**Description of the task:**
Copy from the first line below down to and including the line with "Именно это имел". Skip the pictures.

#### Extracted entries ####

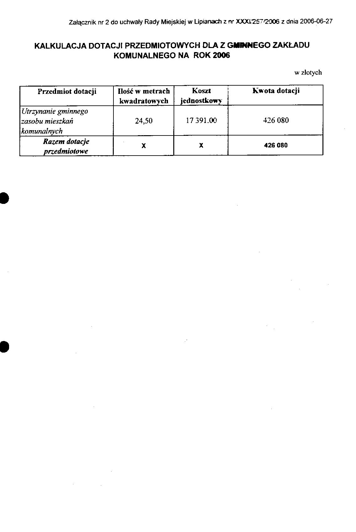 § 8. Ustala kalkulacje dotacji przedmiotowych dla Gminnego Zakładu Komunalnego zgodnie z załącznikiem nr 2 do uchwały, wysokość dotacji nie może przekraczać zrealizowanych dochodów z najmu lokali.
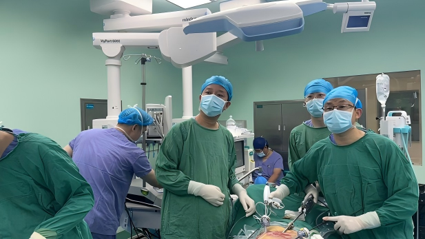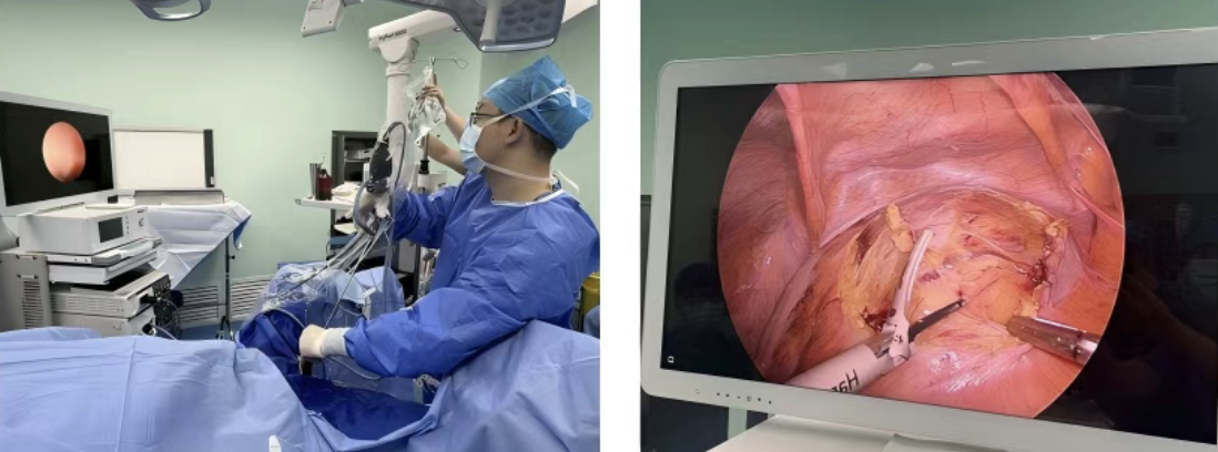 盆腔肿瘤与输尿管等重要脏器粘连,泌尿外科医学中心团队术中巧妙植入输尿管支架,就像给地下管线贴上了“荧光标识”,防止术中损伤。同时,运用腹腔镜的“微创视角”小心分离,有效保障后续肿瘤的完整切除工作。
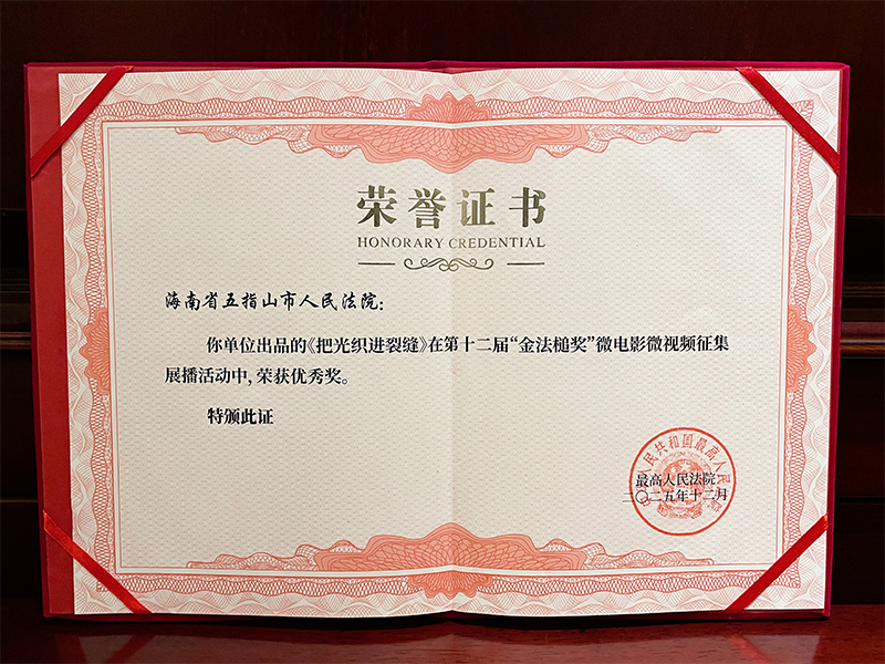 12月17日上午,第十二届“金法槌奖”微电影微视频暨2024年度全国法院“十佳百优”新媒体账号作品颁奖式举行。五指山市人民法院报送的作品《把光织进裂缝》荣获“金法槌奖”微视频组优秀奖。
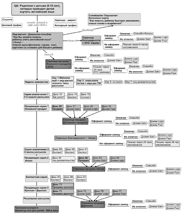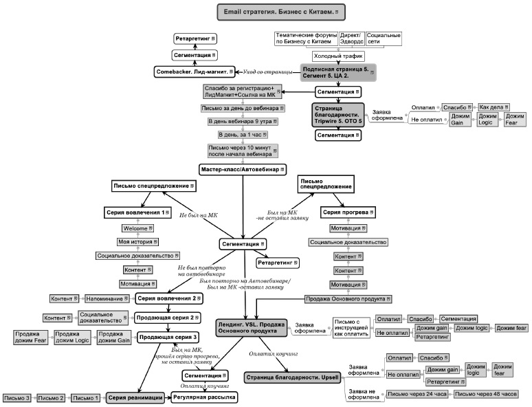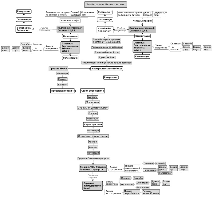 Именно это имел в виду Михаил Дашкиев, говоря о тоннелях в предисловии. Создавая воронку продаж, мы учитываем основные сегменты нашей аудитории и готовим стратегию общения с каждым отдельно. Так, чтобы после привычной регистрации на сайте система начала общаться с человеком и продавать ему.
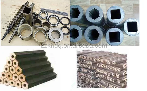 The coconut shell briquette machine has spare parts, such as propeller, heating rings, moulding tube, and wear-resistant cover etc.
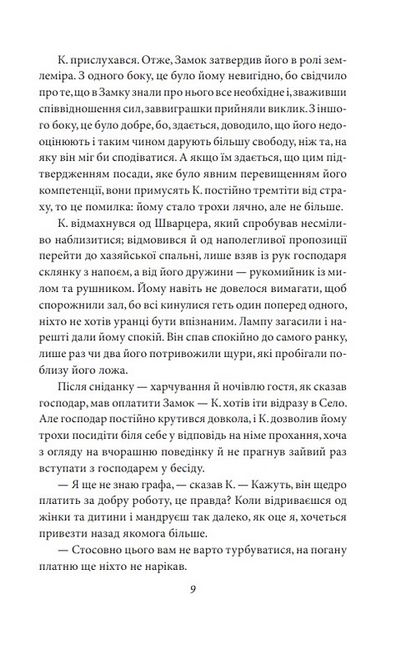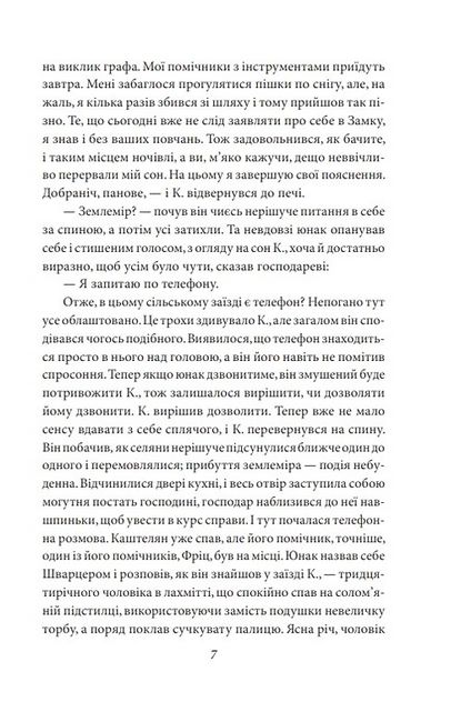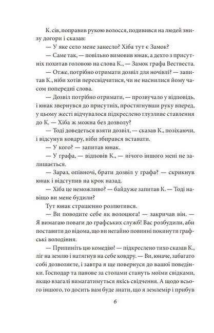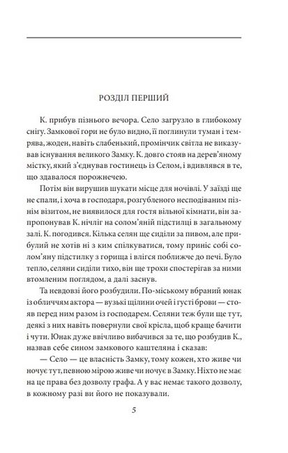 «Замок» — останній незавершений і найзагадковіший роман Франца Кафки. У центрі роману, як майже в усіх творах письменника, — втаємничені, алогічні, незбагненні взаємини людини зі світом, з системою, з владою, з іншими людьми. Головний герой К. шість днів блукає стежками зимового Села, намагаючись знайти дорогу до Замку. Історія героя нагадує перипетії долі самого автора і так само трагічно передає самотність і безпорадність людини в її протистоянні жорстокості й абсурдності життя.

####

**Task solution:**
 § 8. Ustala kalkulacje dotacji przedmiotowych dla Gminnego Zakładu Komunalnego zgodnie z załącznikiem nr 2 do uchwały, wysokość dotacji nie może przekraczać zrealizowanych dochodów z najmu lokali.
 盆腔肿瘤与输尿管等重要脏器粘连,泌尿外科医学中心团队术中巧妙植入输尿管支架,就像给地下管线贴上了“荧光标识”,防止术中损伤。同时,运用腹腔镜的“微创视角”小心分离,有效保障后续肿瘤的完整切除工作。
 12月17日上午,第十二届“金法槌奖”微电影微视频暨2024年度全国法院“十佳百优”新媒体账号作品颁奖式举行。五指山市人民法院报送的作品《把光织进裂缝》荣获“金法槌奖”微视频组优秀奖。
 Именно это имел в виду Михаил Дашкиев, говоря о тоннелях в предисловии. Создавая воронку продаж, мы учитываем основные сегменты нашей аудитории и готовим стратегию общения с каждым отдельно. Так, чтобы после привычной регистрации на сайте система начала общаться с человеком и продавать ему.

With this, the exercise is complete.